I hope/think that's because of changes in inlining or something of the sort.


I don't really disagree here.

In fact a BlockId would unambiguously identify the source node, so it would give you more information.

I thought about that but I couldn't figure out a way where this seems really better.

  • It would in the trivial way only give us the source block not the node. Currently I only need info from the exit node.
  • If we want to look up the exit node directly we have to create and keep up to date a mapping from BlockId to exit CmmNode. This can get complex when the backend deletes, or inserts new basic blocks.

If it's very helpful for other optimizations we can always change this later.
In the end keeping some information between passes by pinning it to the edges seemed simpler for the block layout use case.


As far as I know mapAlter has a small overhead because of the maybes if we already know entries will exist and we will never remove the entry.

Using mapAdjust (which doesn't exist currently) would be an option but I tried to avoid using Map functions somewhat to make it easier to switch out the underlying data structure if we need to in the future.


I actually intended it to do the exact comparison. My mistake was to assume that setDifference is the symmetric version.

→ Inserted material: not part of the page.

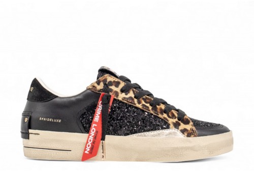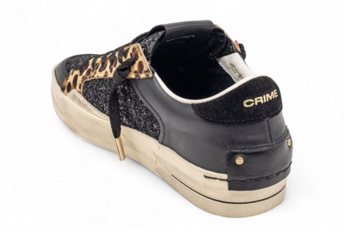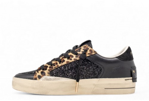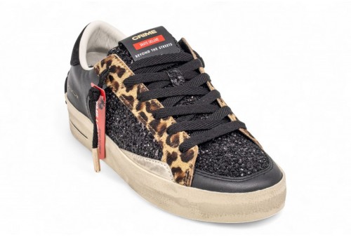 CRIME SK8 DELUXE BLACK CHEETAH. Sneaker realizzata con materiali di alta qualità Made in Italy. Effetto vintage. Tomaia in glitter e pelle neri, dettagli in lamina platino. Talloncino in suede nero. Linguetta in glitter neri con label logata in pelle. Patch in pelle nera sul retro. Laccio nero in poliestere. Unico tag lucido rosso.  Vestibilità regular.

I will expand the comment with more context and point to the shortcut info in the Cmm shortcut info.


Good catch.


Good Catch.

Sometimes I ended up looking at code using Label somewhere else while writing a function and my brain just switches over to using Label and I only notice the next time I look at it.


In general I think such definitions can be helpful for clarity as they reduce irrelevant noise when reading code.

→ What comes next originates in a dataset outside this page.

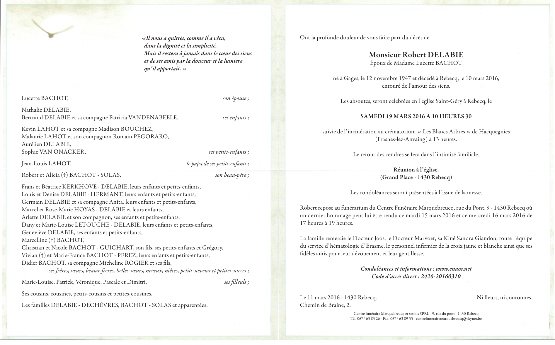 Died in Rebecq (1430) on 10 March 2016 at the age of 68 years
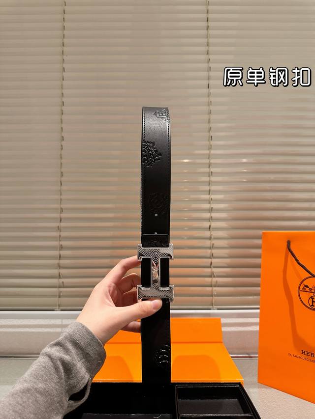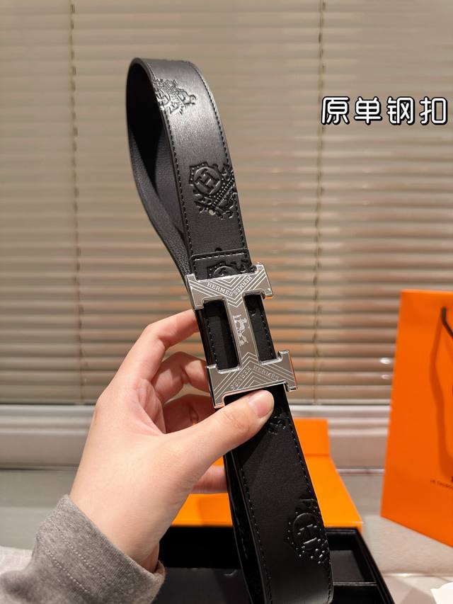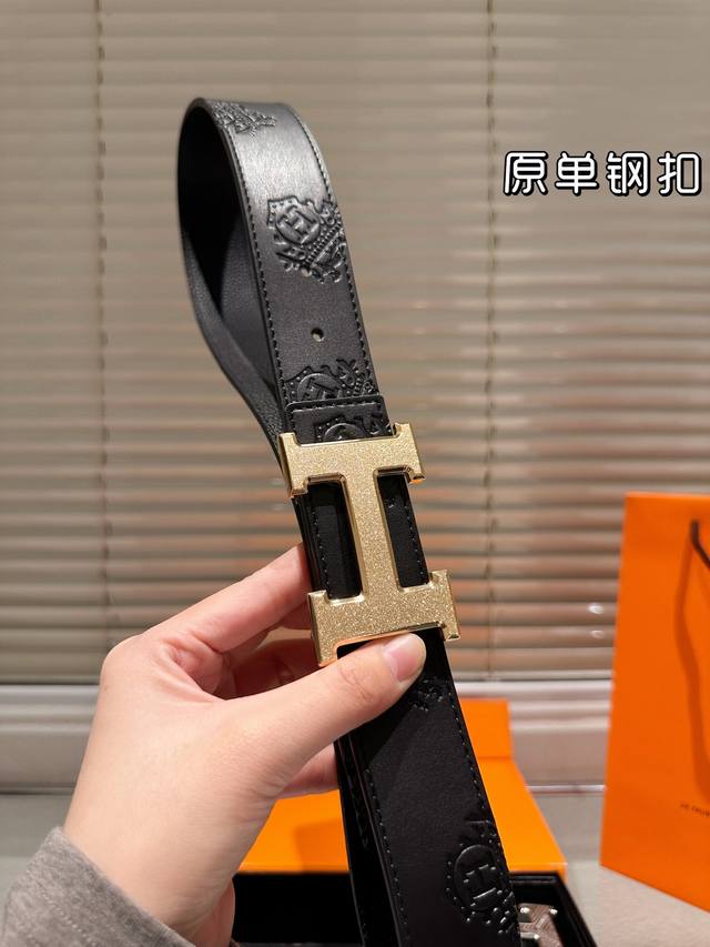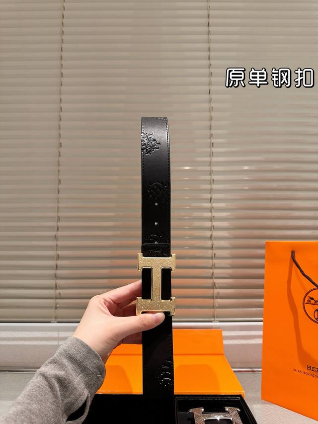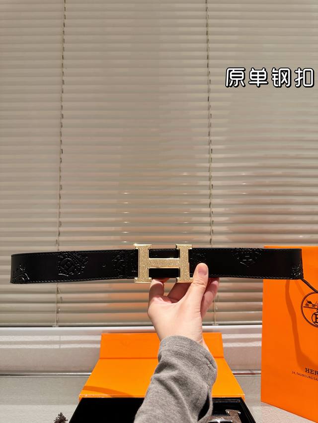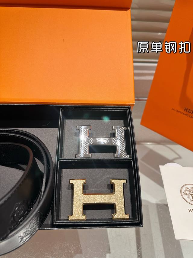 双头 钢扣 高版本!腰带 爱马仕牛皮皮带~热门款 男女通用皮带里面最火的版本啦~质量很好 全套包装!五金绝对不褪色 皮带头和专柜一样的哦~ 配礼盒手提袋发票

In this case though turns out I have refactored away all uses by now. So I deleted it.

AndreasK marked 9 inline comments as done.Oct 20 2018, 6:29 AM

As I want to get this into 8.8 a last call for reviews! I will look to land this in the next two days.

AndreasK updated this revision to Diff 18705.Nov 16 2018, 9:52 AM
  • Use foldMap to collect nodes of the cfg
  • Bikeshedding of flag names
  • More bikeshedding
RyanGlScott accepted this revision.Nov 16 2018, 9:59 AM
RyanGlScott added a subscriber: RyanGlScott.

These flag names look good to me. Great patch.

This revision is now accepted and ready to land.Nov 16 2018, 9:59 AM
AndreasK updated this revision to Diff 18714.Nov 17 2018, 2:54 AM
  • Rebase, add release note.
AndreasK edited the summary of this revision. (Show Details)Nov 17 2018, 3:01 AM
This revision was automatically updated to reflect the committed changes.